Likewise it would have been nice to see some further exploration of her feelings around being a burlesque dancer as it feels that she barely skimmed the surface on these possibilities. Although her role in burlesque started as something empowering for her and the women she taught, as her career progresses she begins to feel that she is nothing more than a glorified stripper. The comments made by her ‘friends’ after viewing her performance and about her ability to choreograph lead her to feel inadequate in her talent.

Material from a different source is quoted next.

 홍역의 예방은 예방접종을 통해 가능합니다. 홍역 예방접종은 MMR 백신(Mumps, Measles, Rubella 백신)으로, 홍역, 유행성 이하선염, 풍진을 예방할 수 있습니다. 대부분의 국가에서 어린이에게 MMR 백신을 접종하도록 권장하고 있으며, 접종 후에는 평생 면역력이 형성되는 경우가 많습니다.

Despite this it was refreshing to see a female figure who was not love-sick or love-driven for the entirety of the story. This book is definitely about a woman wanting to find her professional place as well as her personal one. If anything, Chang shies away from traditional female roles when it comes to themes of love, preferring ‘friends-with-benefits’ type arrangements over serious relationships. Even when discussing the origins of her marriage she is clear to identify that love and family is not her goal, rather there was practicality (and a visa) involved in being married.

Different parts of this memoir will appeal to different readers. Children of immigrant parents may be drawn towards her search for a physical home amongst the background of strict rules and longing for a homeland that no longer exists. Artists may be drawn to her struggle to earn money but still express herself in her dance. Women may be drawn to the ideas surrounding sex and dance as a tool for empowering ourselves.

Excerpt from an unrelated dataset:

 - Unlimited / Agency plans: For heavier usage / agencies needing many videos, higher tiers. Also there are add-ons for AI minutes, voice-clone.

This isn’t the sort of book that you’re going to walk away from feeling light and happy. However, it is certainly the sort of read you won’t want to put down. Although the conclusion felt somewhat open-ended – I suppose I was hoping for a finale in which Jenevieve had found her home – I think in retrospect this allowed for more of the themes to take shape. The open ending to her story ensures that no matter what aspect of her life you identify with, there is still hope that it will work out in the end, and that you don’t need to know what form your happy ending will take in order to make a change to a situation that is clearly not working.